- Work instruction -
What you output must match, exactly, the lines from the start of the records to the line containing "Добавить орехи, цукаты", both ends kept and pictures excluded.

- The input -
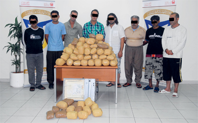 أفراد العصابة وأمامهم المخدّرات المضبوطة وثلاجة مفرغة من الخلف. من المصدر
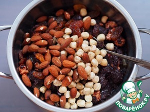 Добавить орехи, цукаты и изюм (подбор орехов и цукатов - на ваш вкус, желание и наличие). Миндаль и фундук предварительно подсушить в микроволновой печи 1,5 минуты на полной мощности (или на сухой сковороде до появления орехового аромата).
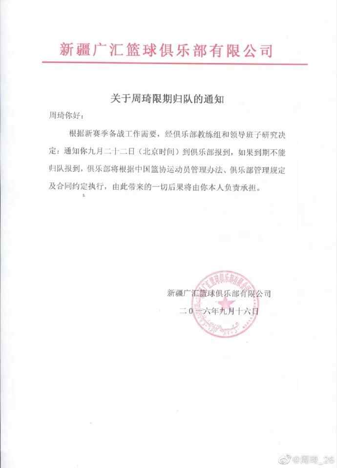 然而,2016年我宣布参加NBA选秀,我需要广汇俱乐部出具澄清信支持我参加NBA选秀,时任俱乐部董事长的侯伟却以合同不是他本人签字为由拒绝为我出具澄清信。紧接着,2016年9月,当我在参加火箭队训练营期间,广汇俱乐部向我发出了“要求我限期归队”的处罚文件(图一),当时广汇这个行为严重干扰了我与火箭队谈判的进程。
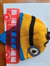 Cappellino fatto a mano a tema Minions, perfetto per i più piccoli (le misure dovrebbero essere 48x21). Realizzato a mano all'uncinetto.
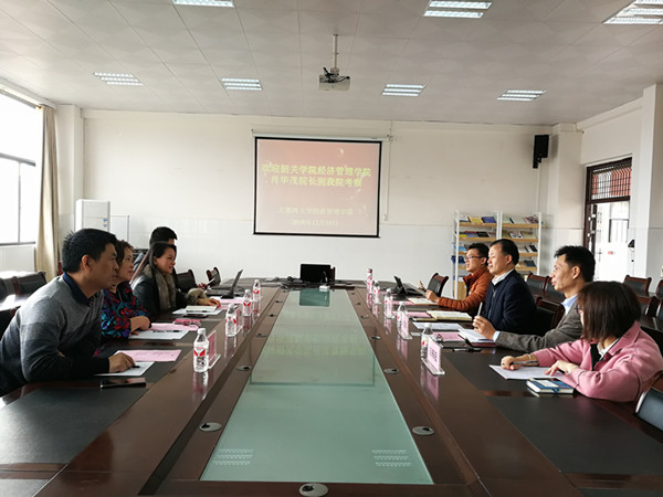 12月19日,韶关学院经济管理学院肖华茂院长、霍智萍教授、彭剑副教授、戴俊威一行四人到我院交流。我院朱芳阳院长出席并主持交流会,会议主要就硕士点建设、人才引进、实验室建设、学生工作和学生特色培养等工作经验进行交流。会上,朱院长详细地介绍了我院的基本情况,硕士点申报工作、实验室建设等工作的经验做法,双方就硕士点申报和实验室建设工作进行了深入交流。覃志武副书记就我院学生工作特色进行介绍和交流,双方针对...

- Written solution -
 أفراد العصابة وأمامهم المخدّرات المضبوطة وثلاجة مفرغة من الخلف. من المصدر
 Добавить орехи, цукаты и изюм (подбор орехов и цукатов - на ваш вкус, желание и наличие). Миндаль и фундук предварительно подсушить в микроволновой печи 1,5 минуты на полной мощности (или на сухой сковороде до появления орехового аромата).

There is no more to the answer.